ENTRIES SUPPLIED
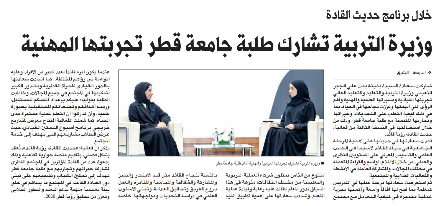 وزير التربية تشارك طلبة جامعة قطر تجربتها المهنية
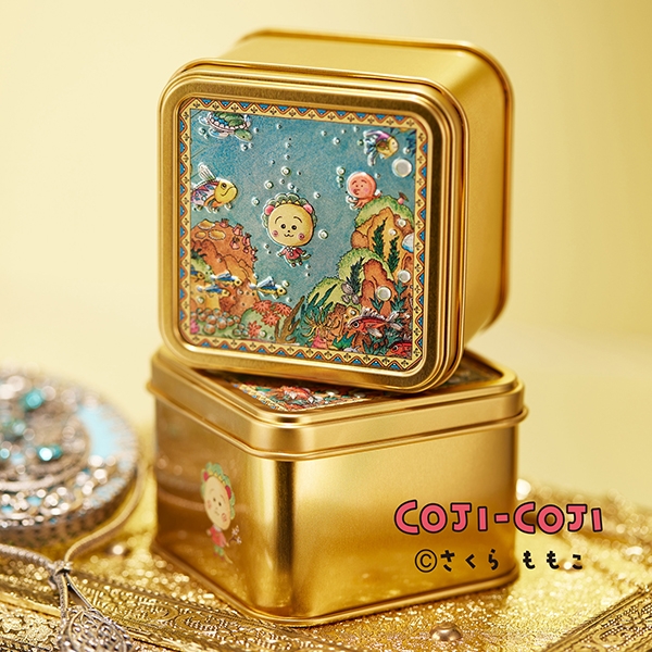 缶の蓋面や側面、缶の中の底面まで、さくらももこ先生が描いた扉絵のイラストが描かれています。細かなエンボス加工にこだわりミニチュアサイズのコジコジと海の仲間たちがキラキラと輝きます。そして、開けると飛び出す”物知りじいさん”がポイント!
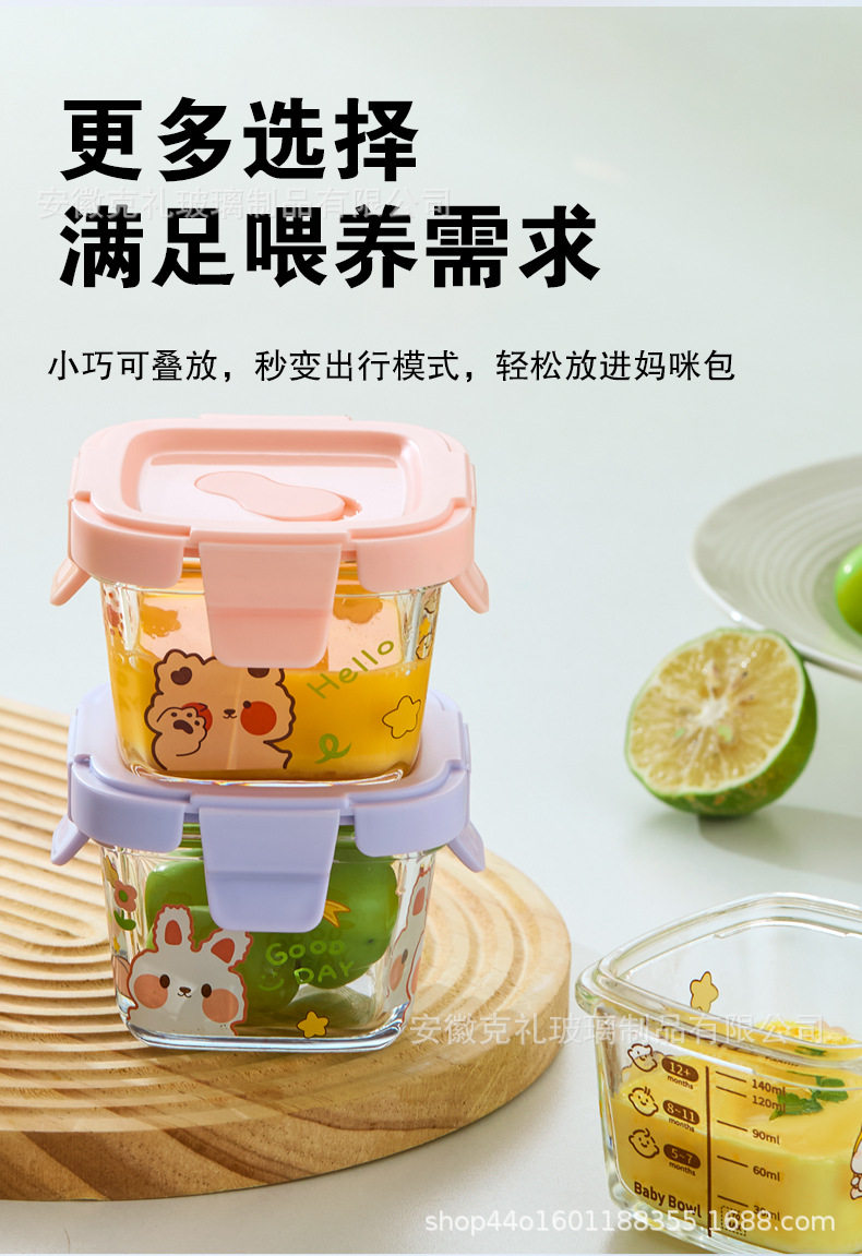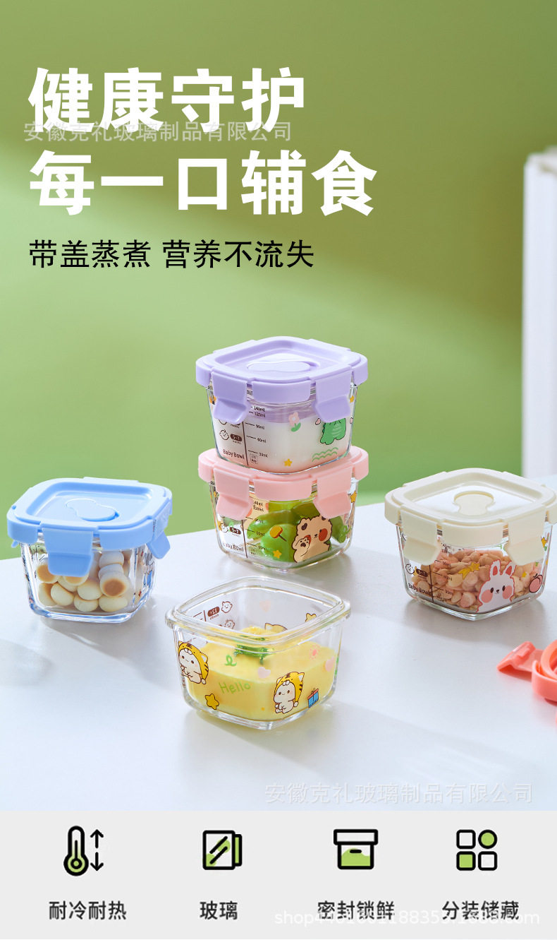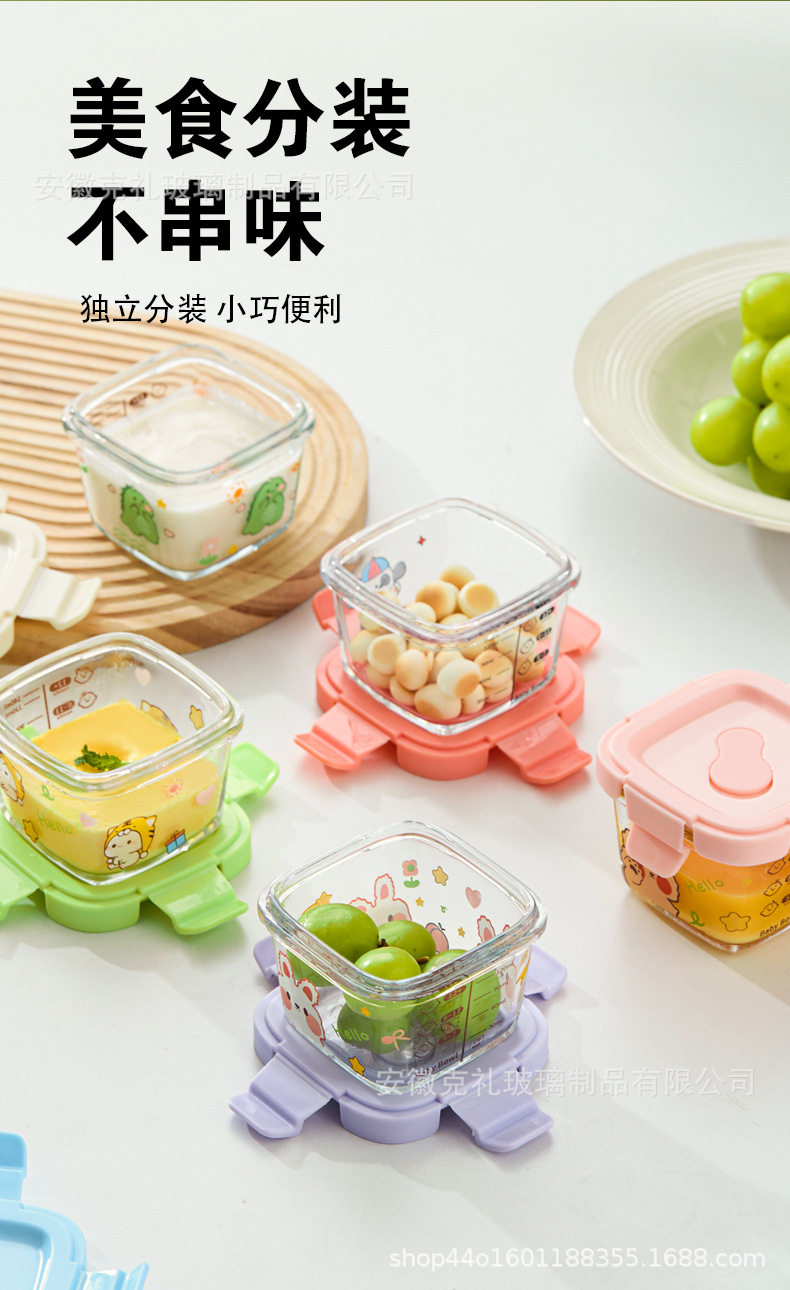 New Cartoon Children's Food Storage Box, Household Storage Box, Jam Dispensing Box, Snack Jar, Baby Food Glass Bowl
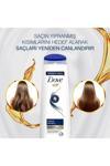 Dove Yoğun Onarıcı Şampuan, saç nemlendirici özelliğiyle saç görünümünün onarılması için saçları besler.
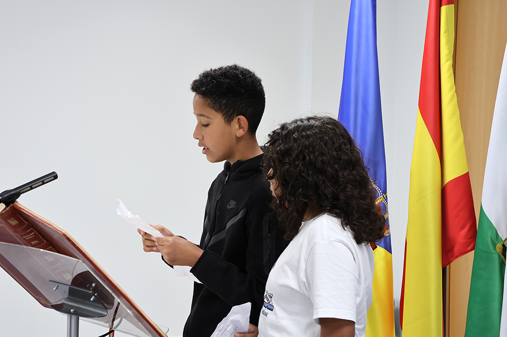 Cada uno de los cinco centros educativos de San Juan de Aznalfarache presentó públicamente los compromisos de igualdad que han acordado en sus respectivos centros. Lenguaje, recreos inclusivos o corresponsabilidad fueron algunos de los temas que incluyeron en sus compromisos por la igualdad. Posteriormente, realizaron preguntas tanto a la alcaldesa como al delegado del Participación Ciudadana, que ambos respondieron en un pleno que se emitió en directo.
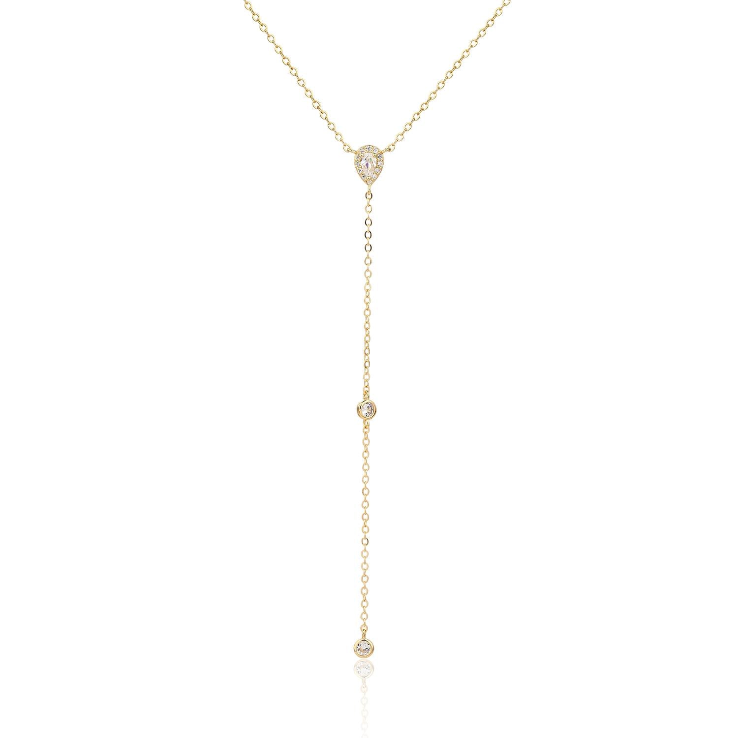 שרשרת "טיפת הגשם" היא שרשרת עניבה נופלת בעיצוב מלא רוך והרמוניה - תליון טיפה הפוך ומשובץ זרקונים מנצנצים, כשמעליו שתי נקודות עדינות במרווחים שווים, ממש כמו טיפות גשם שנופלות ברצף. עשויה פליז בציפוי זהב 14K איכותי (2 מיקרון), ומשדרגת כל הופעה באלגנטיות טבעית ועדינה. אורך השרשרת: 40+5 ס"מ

WHAT YOU SHOULD DO
Using the material above, reproduce only the lines that run from the line with "New Cartoon Children's" up to and including the line with "Dove Yoğun Onarıcı", exactly, with the pictures dropped.

ANSWER TO THIS EXERCISE
 New Cartoon Children's Food Storage Box, Household Storage Box, Jam Dispensing Box, Snack Jar, Baby Food Glass Bowl
 Dove Yoğun Onarıcı Şampuan, saç nemlendirici özelliğiyle saç görünümünün onarılması için saçları besler.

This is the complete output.